Une proposition suicidaire

Cependant, et si le renforcement des relations avec ces deux pays est toujours souhaitable, mais dans le sens d’un meilleur équilibre des échanges et d’une coopération mutuellement profitable (et pas toujours aux dépens de la Tunisie, comme elle l’est aujourd’hui), toute alliance avec Moscou et Pékin, du genre à laquelle appellent certains pseudos experts en géostratégie, pourrait coûter très cher à notre pays, en termes de manque à gagner économique et financier, mais aussi de brouillage de son image sur la scène mondiale.

Répondant à ces «pseudo experts qui courent les salons et plateaux de télévision», le diplomate Elyes Kasri leur conseille, dans un post Facebook publié aujourd’hui, samedi 6 juin 2022, de «bien méditer leur proposition saugrenue que la Tunisie mette fin à son partenariat avec l’Europe et les Etats-Unis d’Amérique pour s’arrimer à la Russie et à la Chine à la faveur du tant attendu nouvel ordre mondial».

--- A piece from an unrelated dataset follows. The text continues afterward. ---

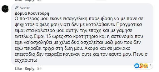 Όταν τη ρώτησαν διαδικτυακοί της φίλοι τη έγινε έγραψε: «Ο πα-τερας μου έκανε εισαγγελική παρέμβαση να με πάνε σε ψυχιατρείο φιλη μου γιατί δεν με καταλάβαινε. Πραγματικά είμαι στα καλύτερά μου αυτήν την εποχή και με γ@@@σε εντελώς. Είμαι 15 ωρες στο κρατητήριο και η αστυνομία που έχει να ασχοληθεί με χίλια δυο ασχολείται μαζί μου που δεν έχω πειράξει τρίχα στη ζωή μου. Ακόμα και σε μανιακό επεισόδιο δεν πείραξα κανέναν ούτε και τον εαυτό μου».

L’ancien ambassadeur écrit : «Les idéologues antioccidentaux et principalement antiaméricains gagneraient à modérer leurs ardeurs à la lumière des difficultés rencontrées par la Russie et la Chine dans leur voisinage immédiat.» Et pour cause, explique-t-il : «Au-delà de quelques projets de coopération sans aucun impact significatif sur la situation critique de l’économie tunisienne, ces deux pays sont suffisamment empêtrés dans des contentieux historiques de proximité pour s’impliquer d’une manière stratégique et significative en Tunisie qui, il ne faut pas l’oublier, fait partie du flanc sud de l’Europe et de l’Otan».

Utopistes ou pyromanes

Cette analyse est d’autant plus juste et recevable que la Tunisie est lié à l’Union européenne par un accord d’association signé en 1996 dont dépend des pans entiers de son économie, et qu’elle est un allié majeur non membre de l’Otan depuis 2015. Cette dernière alliance vaut à notre pays de précieuses aides militaires dont il ne saurait se passer, notamment dans le domaine de la surveillance de ses frontières terrestres et maritimes et de la lutte contre le terrorisme.

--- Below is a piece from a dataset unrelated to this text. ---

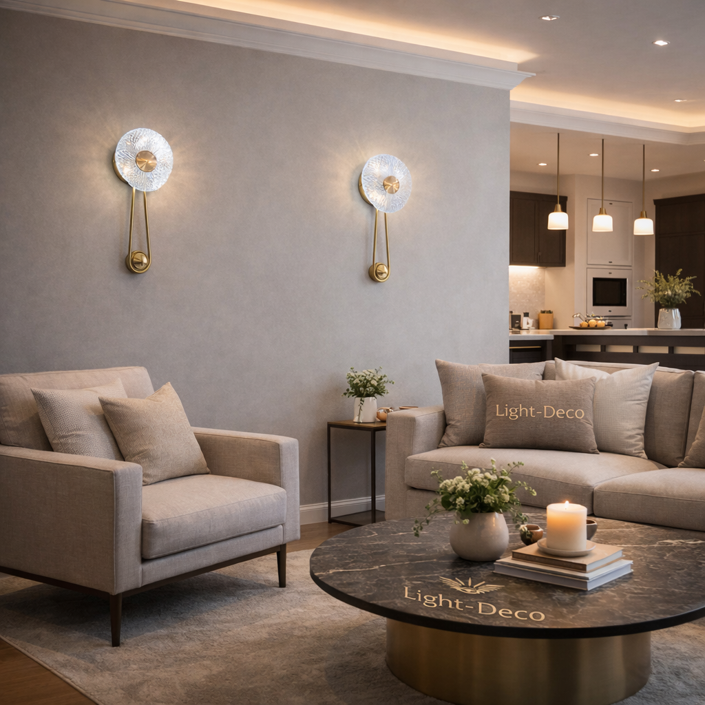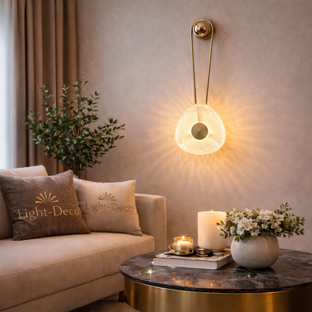 Applique murale moderne en verre texturé et métal doré au design élégant. Son diffuseur en verre crée une lumière douce et chaleureuse qui se projette délicatement sur le mur. Idéale pour salon, chambre ou hôtel, elle apporte une touche raffinée et décorative tout en offrant un éclairage d’ambiance élégant.

Ceux qui rêvent de changer les fondamentaux de la diplomatie tunisienne dont la doctrine et l’architecture ont été définies depuis la fin des années 1950 par Habib Bourguiba sont au mieux des utopistes déconnectés des réalités du monde, au pire des pyromanes qui cherchent à mettre le feu à un pays déjà rendu inflammable par l’instabilité politique et la crise économique où il se morfond depuis la «révolution» de 2011.    

«La première urgence pour de nombreux politiciens et activistes politiques tunisiens serait de faire preuve de sobriété et d’arrêter de régurgiter des théories et idéologies qui n’ont rien à voir avec les rapports de force dans le monde d’aujourd’hui, tout du moins dans le court terme qui va déterminer la capacité de la Tunisie de survivre à la présente crise qui risque d’enfoncer le pays dans la misère et l’anarchie», conclut Elyes Kasri, dont la carrière diplomatique l’a amené aussi bien en Asie qu’en Europe.